• **RECORDS TO USE**:
————————
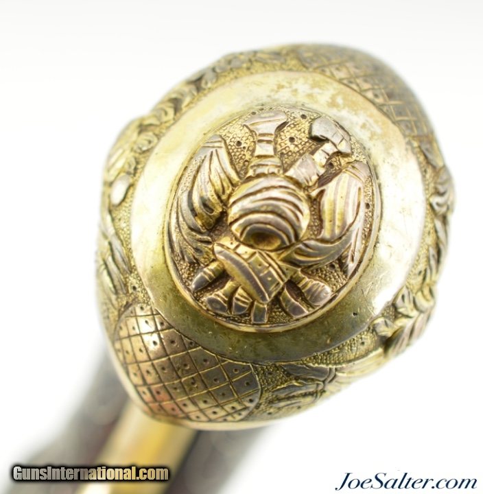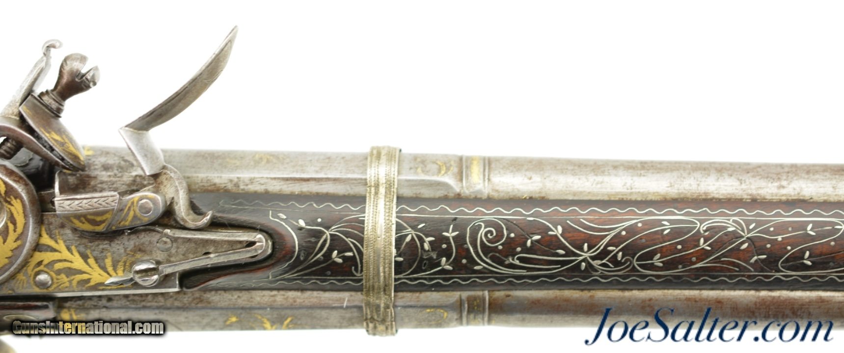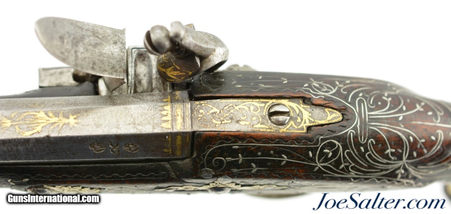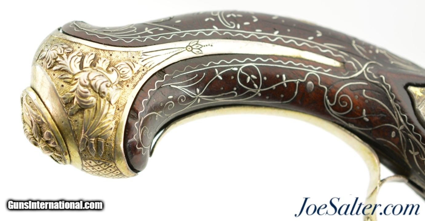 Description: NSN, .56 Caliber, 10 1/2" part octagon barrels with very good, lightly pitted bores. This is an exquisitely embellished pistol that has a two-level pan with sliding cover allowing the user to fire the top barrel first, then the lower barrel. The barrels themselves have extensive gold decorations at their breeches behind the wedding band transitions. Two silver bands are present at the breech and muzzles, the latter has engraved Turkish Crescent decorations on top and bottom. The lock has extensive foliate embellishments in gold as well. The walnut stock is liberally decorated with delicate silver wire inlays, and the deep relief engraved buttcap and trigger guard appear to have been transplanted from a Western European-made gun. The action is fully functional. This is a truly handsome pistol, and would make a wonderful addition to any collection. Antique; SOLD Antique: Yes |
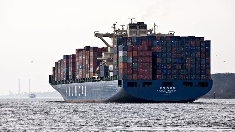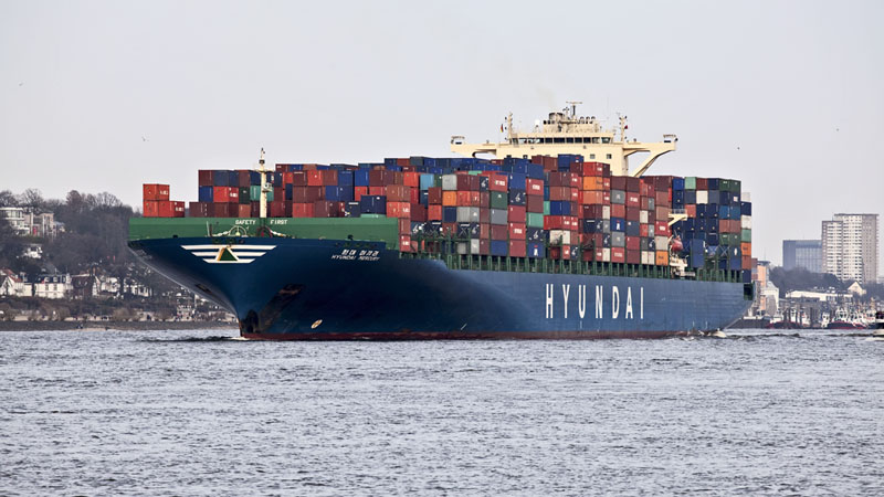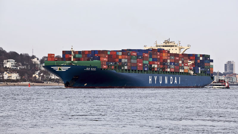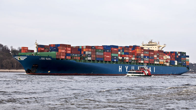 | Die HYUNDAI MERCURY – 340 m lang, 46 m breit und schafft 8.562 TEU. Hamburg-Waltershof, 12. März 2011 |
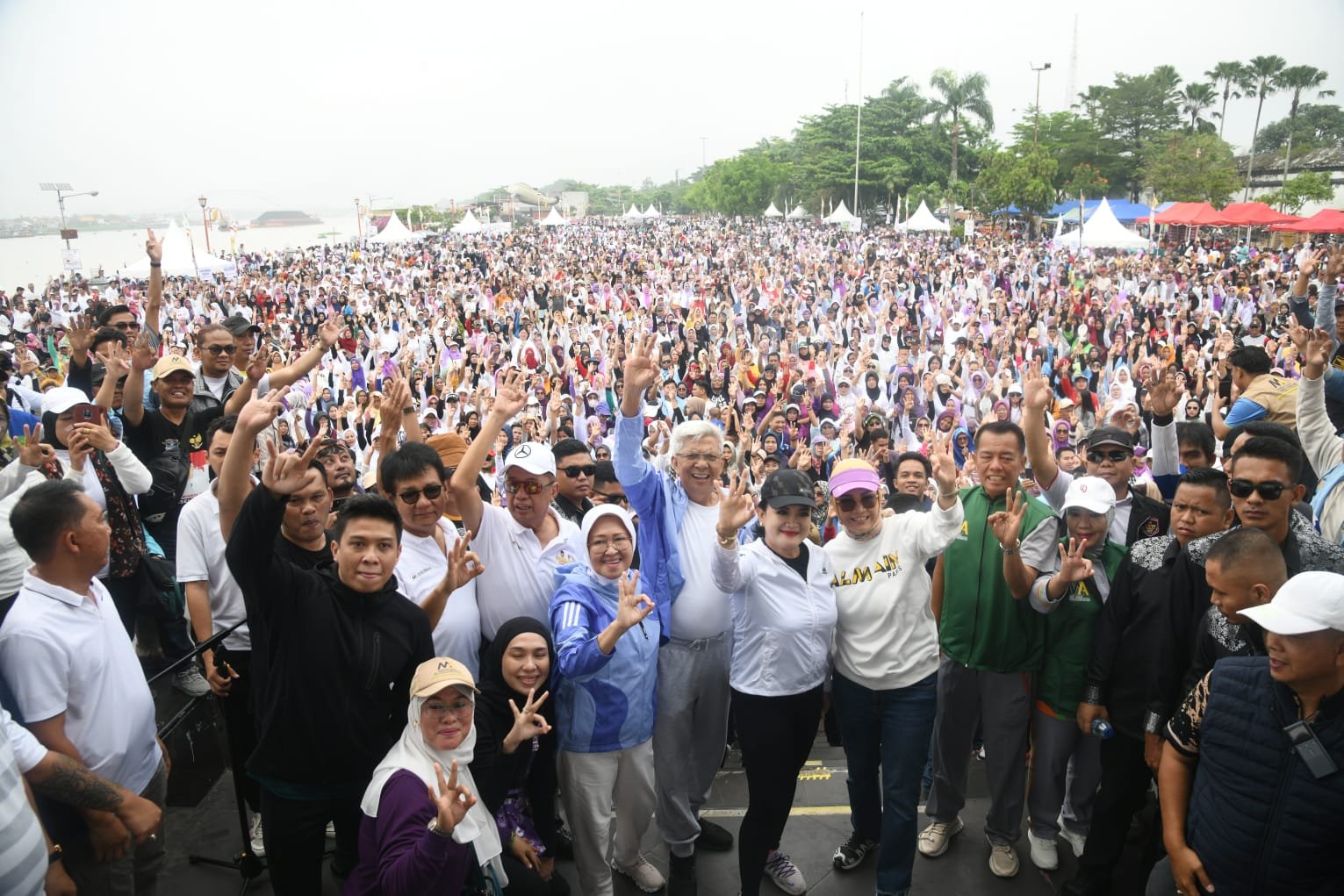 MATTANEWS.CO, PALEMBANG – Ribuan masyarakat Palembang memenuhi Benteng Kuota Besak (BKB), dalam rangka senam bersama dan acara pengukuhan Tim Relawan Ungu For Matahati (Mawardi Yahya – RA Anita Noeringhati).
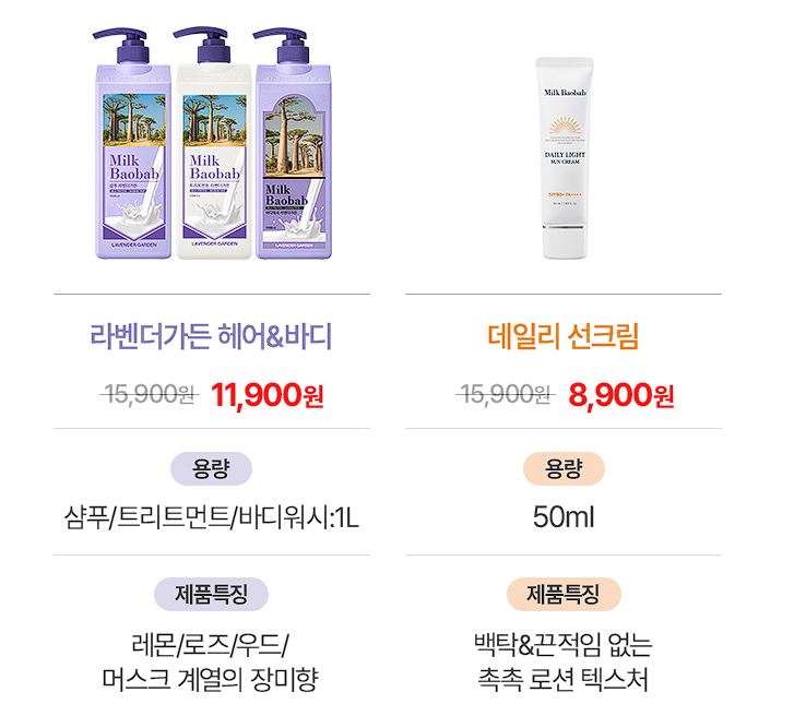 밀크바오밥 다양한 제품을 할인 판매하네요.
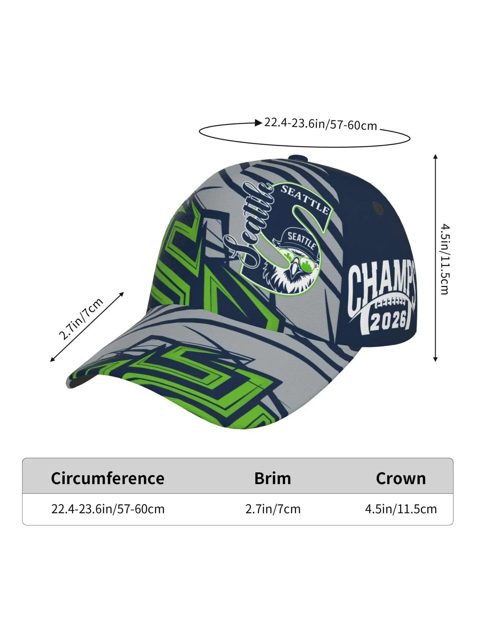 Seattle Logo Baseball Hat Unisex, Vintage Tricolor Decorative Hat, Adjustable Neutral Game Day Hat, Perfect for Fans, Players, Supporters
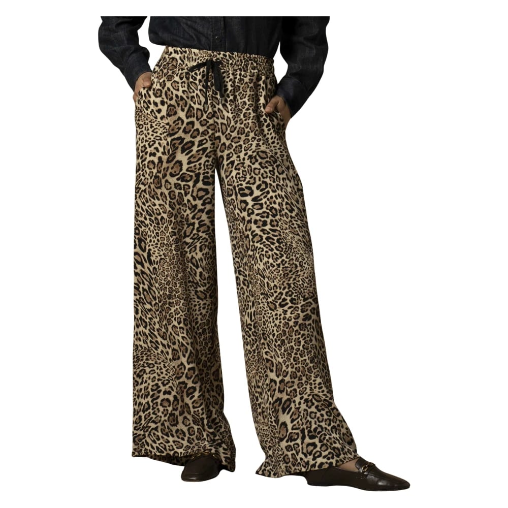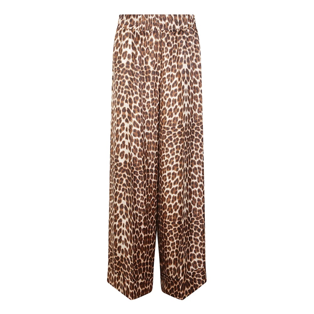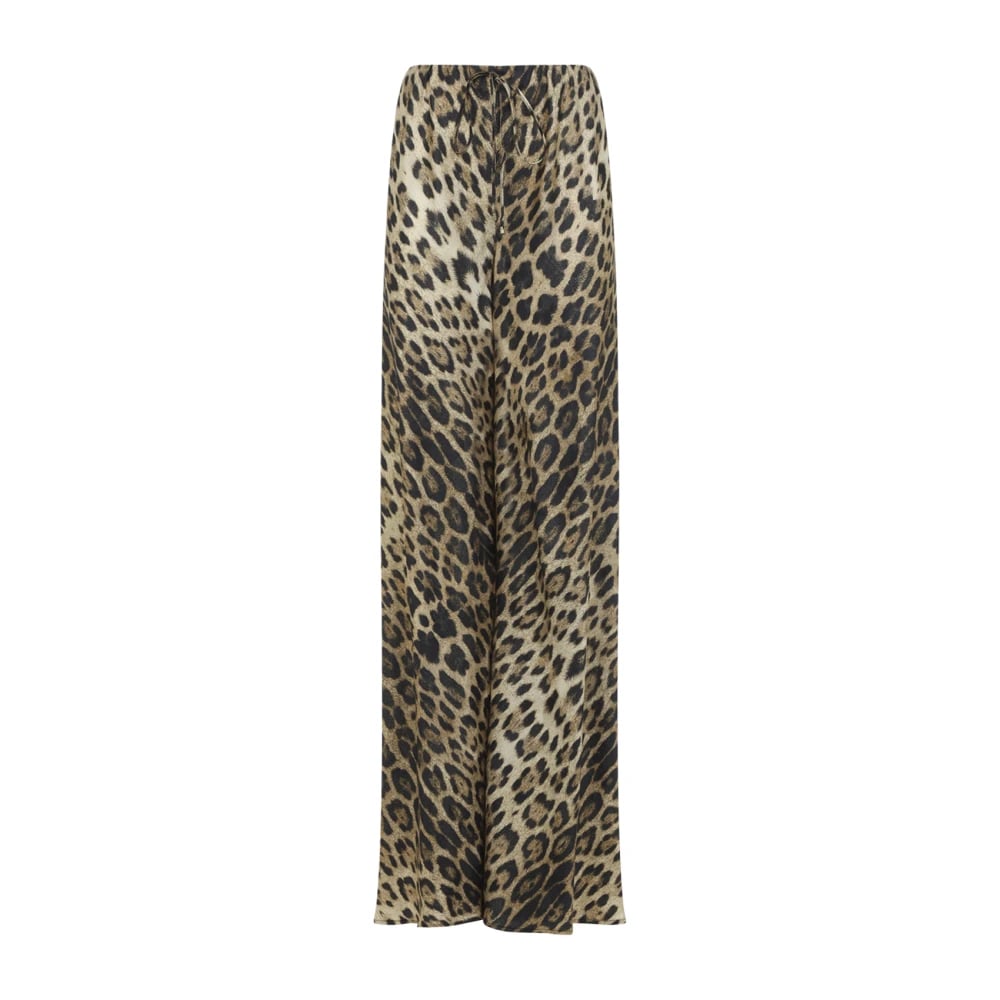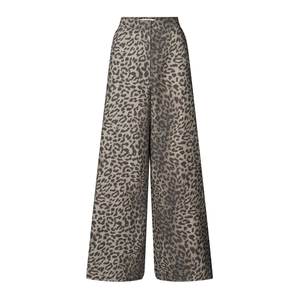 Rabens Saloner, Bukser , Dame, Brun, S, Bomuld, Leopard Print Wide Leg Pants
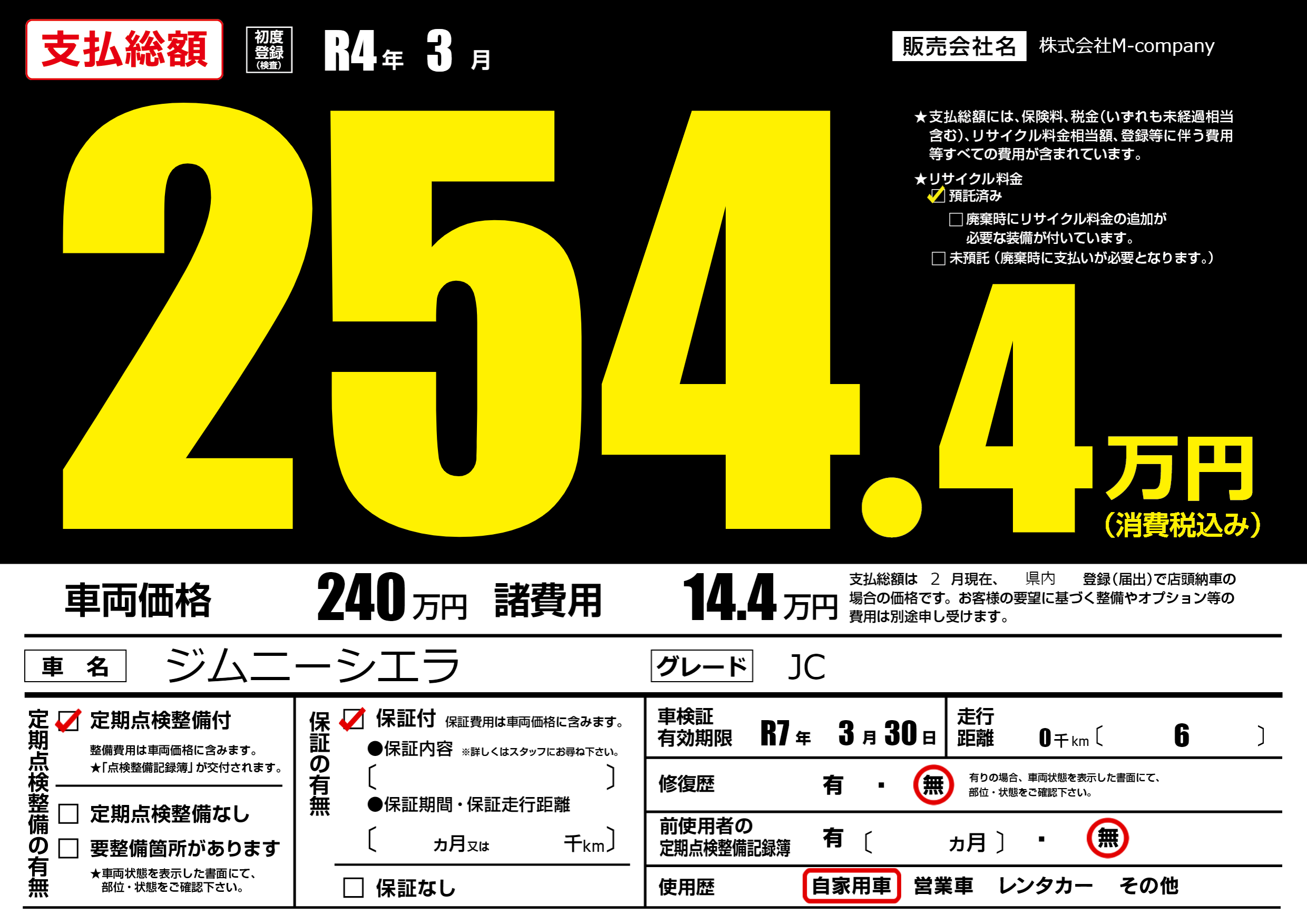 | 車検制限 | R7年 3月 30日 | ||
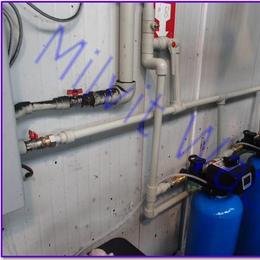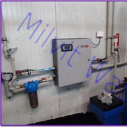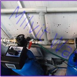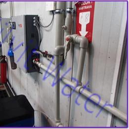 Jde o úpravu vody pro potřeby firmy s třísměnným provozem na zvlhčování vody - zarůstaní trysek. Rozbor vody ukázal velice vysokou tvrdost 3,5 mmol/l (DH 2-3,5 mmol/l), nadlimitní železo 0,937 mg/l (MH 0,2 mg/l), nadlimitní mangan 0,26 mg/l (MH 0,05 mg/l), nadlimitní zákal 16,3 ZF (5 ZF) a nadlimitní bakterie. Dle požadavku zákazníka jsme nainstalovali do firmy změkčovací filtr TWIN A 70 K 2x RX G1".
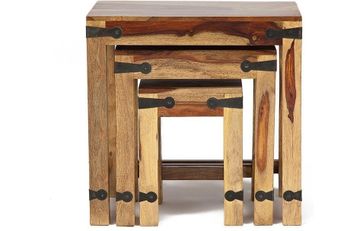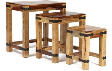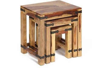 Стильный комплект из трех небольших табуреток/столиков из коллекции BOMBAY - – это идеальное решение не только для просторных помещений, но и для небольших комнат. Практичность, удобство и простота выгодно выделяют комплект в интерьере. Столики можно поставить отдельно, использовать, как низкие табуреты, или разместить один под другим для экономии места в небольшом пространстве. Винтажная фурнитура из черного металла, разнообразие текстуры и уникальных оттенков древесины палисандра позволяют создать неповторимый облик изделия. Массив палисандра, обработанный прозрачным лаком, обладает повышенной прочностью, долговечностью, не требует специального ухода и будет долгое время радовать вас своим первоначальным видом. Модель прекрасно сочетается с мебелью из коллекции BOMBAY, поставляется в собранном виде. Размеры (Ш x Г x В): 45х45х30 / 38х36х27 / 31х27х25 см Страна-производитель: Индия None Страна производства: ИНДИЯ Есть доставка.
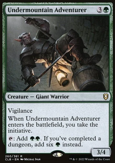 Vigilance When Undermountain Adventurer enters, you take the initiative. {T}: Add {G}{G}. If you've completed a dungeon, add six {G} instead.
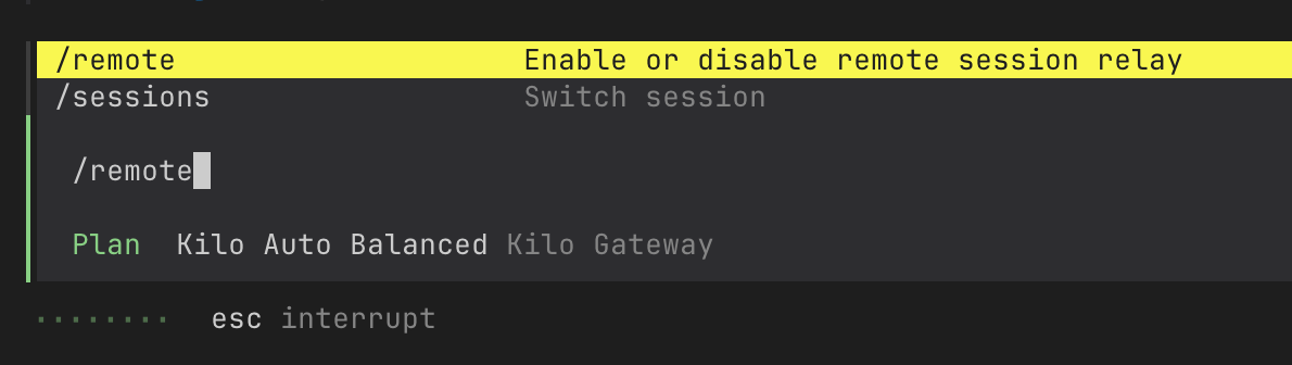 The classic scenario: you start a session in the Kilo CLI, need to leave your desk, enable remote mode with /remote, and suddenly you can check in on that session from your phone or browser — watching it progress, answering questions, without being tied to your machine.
————————
• **GOAL OF THE EXERCISE**: Write the full listing out again with every line unchanged, but include no pictures.

• **RESPONSE**:
 Description: NSN, .56 Caliber, 10 1/2" part octagon barrels with very good, lightly pitted bores. This is an exquisitely embellished pistol that has a two-level pan with sliding cover allowing the user to fire the top barrel first, then the lower barrel. The barrels themselves have extensive gold decorations at their breeches behind the wedding band transitions. Two silver bands are present at the breech and muzzles, the latter has engraved Turkish Crescent decorations on top and bottom. The lock has extensive foliate embellishments in gold as well. The walnut stock is liberally decorated with delicate silver wire inlays, and the deep relief engraved buttcap and trigger guard appear to have been transplanted from a Western European-made gun. The action is fully functional. This is a truly handsome pistol, and would make a wonderful addition to any collection. Antique; SOLD Antique: Yes |
 | Die HYUNDAI MERCURY – 340 m lang, 46 m breit und schafft 8.562 TEU. Hamburg-Waltershof, 12. März 2011 |
 MATTANEWS.CO, PALEMBANG – Ribuan masyarakat Palembang memenuhi Benteng Kuota Besak (BKB), dalam rangka senam bersama dan acara pengukuhan Tim Relawan Ungu For Matahati (Mawardi Yahya – RA Anita Noeringhati).
 밀크바오밥 다양한 제품을 할인 판매하네요.
 Seattle Logo Baseball Hat Unisex, Vintage Tricolor Decorative Hat, Adjustable Neutral Game Day Hat, Perfect for Fans, Players, Supporters
 Rabens Saloner, Bukser , Dame, Brun, S, Bomuld, Leopard Print Wide Leg Pants
 | 車検制限 | R7年 3月 30日 | ||
 Jde o úpravu vody pro potřeby firmy s třísměnným provozem na zvlhčování vody - zarůstaní trysek. Rozbor vody ukázal velice vysokou tvrdost 3,5 mmol/l (DH 2-3,5 mmol/l), nadlimitní železo 0,937 mg/l (MH 0,2 mg/l), nadlimitní mangan 0,26 mg/l (MH 0,05 mg/l), nadlimitní zákal 16,3 ZF (5 ZF) a nadlimitní bakterie. Dle požadavku zákazníka jsme nainstalovali do firmy změkčovací filtr TWIN A 70 K 2x RX G1".
 Стильный комплект из трех небольших табуреток/столиков из коллекции BOMBAY - – это идеальное решение не только для просторных помещений, но и для небольших комнат. Практичность, удобство и простота выгодно выделяют комплект в интерьере. Столики можно поставить отдельно, использовать, как низкие табуреты, или разместить один под другим для экономии места в небольшом пространстве. Винтажная фурнитура из черного металла, разнообразие текстуры и уникальных оттенков древесины палисандра позволяют создать неповторимый облик изделия. Массив палисандра, обработанный прозрачным лаком, обладает повышенной прочностью, долговечностью, не требует специального ухода и будет долгое время радовать вас своим первоначальным видом. Модель прекрасно сочетается с мебелью из коллекции BOMBAY, поставляется в собранном виде. Размеры (Ш x Г x В): 45х45х30 / 38х36х27 / 31х27х25 см Страна-производитель: Индия None Страна производства: ИНДИЯ Есть доставка.
 Vigilance When Undermountain Adventurer enters, you take the initiative. {T}: Add {G}{G}. If you've completed a dungeon, add six {G} instead.
 The classic scenario: you start a session in the Kilo CLI, need to leave your desk, enable remote mode with /remote, and suddenly you can check in on that session from your phone or browser — watching it progress, answering questions, without being tied to your machine.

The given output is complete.